Zunächst sah sie nur die Schwester, die die Tür aufhielt, um einen Besucher hereinzulassen. Dann bemerkte sie mit Erstaunen einen Mann auf sich zukommen.

Er war groß und schlank, und seine markant geschnittenen Züge flößten Daniela vom ersten Augenblick an Sympathie ein. Trotzdem war sie davon überzeugt, ihn noch nie in ihrem Leben gesehen zu haben.

»Verena«, flüsterte er, »o Verena!« Er beugte sich über sie, ergriff ihre schmale Hand und bedeckte sie mit Küssen.

Daniela fühlte seinen Blick in ihrem Gesicht. Zärtlichkeit lag darin und unendliche Angst.

Verena, formten lautlos ihre Lippen, doch der Name erweckte in ihr keinen Widerhall, ebenso wenig wie der Anblick jenes Mannes, dessen Gesicht ihr ganz nahe war und der noch immer ihre Hände in den seinen hielt.

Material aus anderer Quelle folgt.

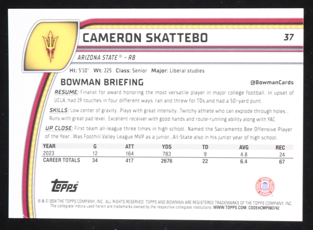 Cam Skattebo 2024 Bowman Chrome University Blue Mini Diamond Refractors #37 #110/175 RC
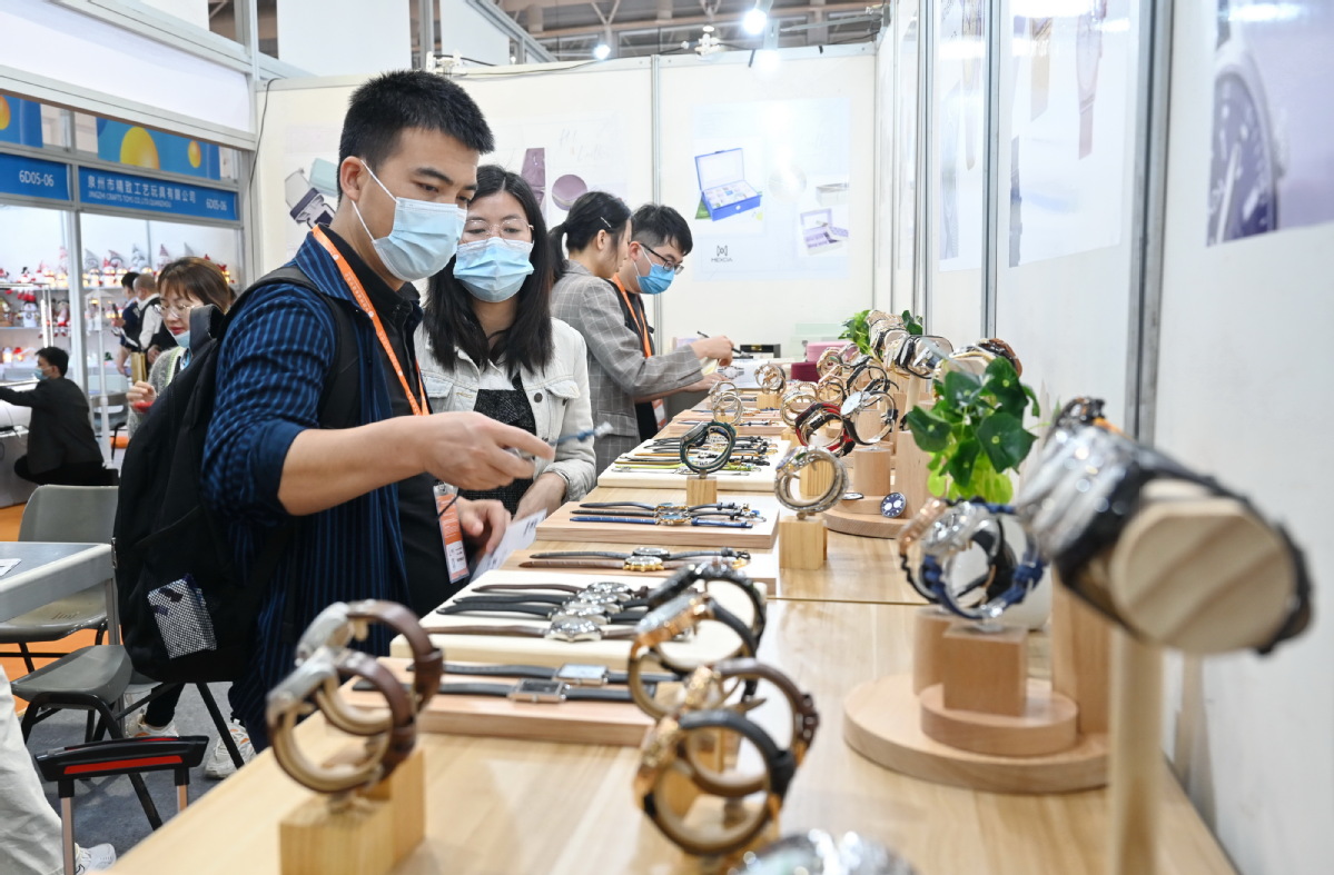 People visit a stand showcasing watches at the China Cross-border E-commerce Trade Fair in Fuzhou, East China's Fujian province, on March 18, 2021. [Photo/Xinhua]

»Liebling, erkennst du mich wirklich nicht?«, kam es erschüttert von den Lippen des Mannes. »Ich bin Mark. Wir sind seit drei Jahren miteinander verheiratet.«

»Ich weiß es nicht«, flüsterte sie gequält. »Ich weiß es nicht. Ich weiß überhaupt nichts. Ich weiß nicht, woher ich komme. Ich weiß nicht einmal, wer ich bin. Bis vor wenigen Minuten wusste ich selbst meinen Namen nicht.«

Mark bemühte sich, seine Erschütterung zu verbergen, und es gelang ihm wirklich ein kleines Lächeln.

»Du weißt nicht, wer ich bin?«, fragte er leichthin, obwohl seine Kehle wie zugeschnürt war. »Dem kann leicht abgeholfen werden. Du bist Verena Gräfin von Hohenheim, bist dreiundzwanzig Jahre alt und wohnst in München. Wir haben uns vor vier Jahren kennengelernt, als ich zu einer Jagd auf dem Gut deines Großvaters, des Barons von Langenstein, in Tirol eingeladen war. Im Sommer darauf haben wir geheiratet.«

Daniela hatte mit großen Augen diesem in leichtem Plauderton vorgebrachten Bericht gelauscht.

»Und wie kommt es, dass ich jetzt in Rom bin?«, fragte sie schließlich mit gerunzelten Brauen.

Die Mahnung des Professors fiel ihm ein, nicht an die Vergangenheit zu rühren.

Er sah auf das Gesicht der Frau, das vor ihm auf dem Kissen lag. Trotz seiner durchscheinenden Blässe hatte es nichts von jenem Liebreiz eingebüßt, der ihn vor vier Jahren so sehr gefangen genommen hatte, dass er trotz des großen Altersunterschiedes von fünfzehn Jahren, der zwischen ihnen bestand, um ihre Liebe geworben hatte.

Er dachte daran, wie er monatelang versucht hatte, dieses Gesicht zu vergessen, und doch war es Tag für Tag und Nacht für Nacht vor seinen Augen gestanden. Das Gesicht seiner Frau Verena.

Er fühlte das Leid in ihren Augen fast wie einen körperlichen Schmerz. Denn es war seine Schuld, dass es so weit gekommen war. Seine Schuld.